* **THE DATA**:

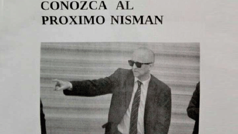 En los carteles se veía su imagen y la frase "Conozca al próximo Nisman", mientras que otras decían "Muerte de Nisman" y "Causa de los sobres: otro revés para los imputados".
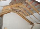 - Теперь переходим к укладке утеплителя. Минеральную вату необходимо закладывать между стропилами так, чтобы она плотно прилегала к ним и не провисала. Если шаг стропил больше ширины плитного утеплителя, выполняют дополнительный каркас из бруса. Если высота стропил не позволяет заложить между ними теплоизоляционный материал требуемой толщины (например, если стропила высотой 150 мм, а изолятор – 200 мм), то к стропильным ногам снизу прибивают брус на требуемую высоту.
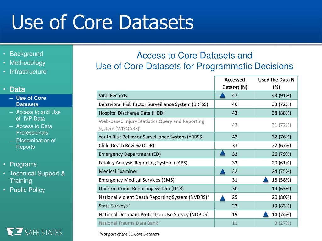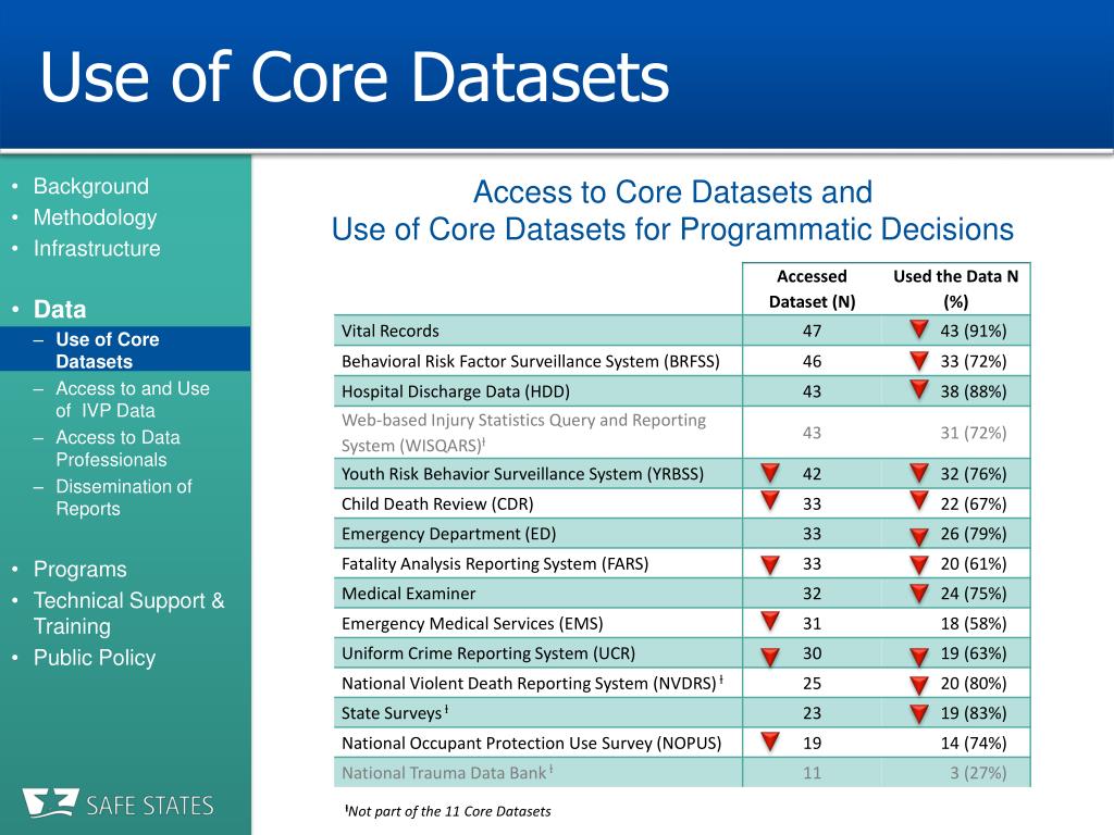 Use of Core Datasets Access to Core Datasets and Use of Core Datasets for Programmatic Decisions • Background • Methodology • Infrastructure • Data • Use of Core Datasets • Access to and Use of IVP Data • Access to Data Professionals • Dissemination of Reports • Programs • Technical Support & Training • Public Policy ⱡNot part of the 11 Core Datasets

* **TASK DIRECTIONS**: Word for word, quote the lines above. Omit the pictures.

* **RESULT**:
 En los carteles se veía su imagen y la frase "Conozca al próximo Nisman", mientras que otras decían "Muerte de Nisman" y "Causa de los sobres: otro revés para los imputados".
 - Теперь переходим к укладке утеплителя. Минеральную вату необходимо закладывать между стропилами так, чтобы она плотно прилегала к ним и не провисала. Если шаг стропил больше ширины плитного утеплителя, выполняют дополнительный каркас из бруса. Если высота стропил не позволяет заложить между ними теплоизоляционный материал требуемой толщины (например, если стропила высотой 150 мм, а изолятор – 200 мм), то к стропильным ногам снизу прибивают брус на требуемую высоту.
 Use of Core Datasets Access to Core Datasets and Use of Core Datasets for Programmatic Decisions • Background • Methodology • Infrastructure • Data • Use of Core Datasets • Access to and Use of IVP Data • Access to Data Professionals • Dissemination of Reports • Programs • Technical Support & Training • Public Policy ⱡNot part of the 11 Core Datasets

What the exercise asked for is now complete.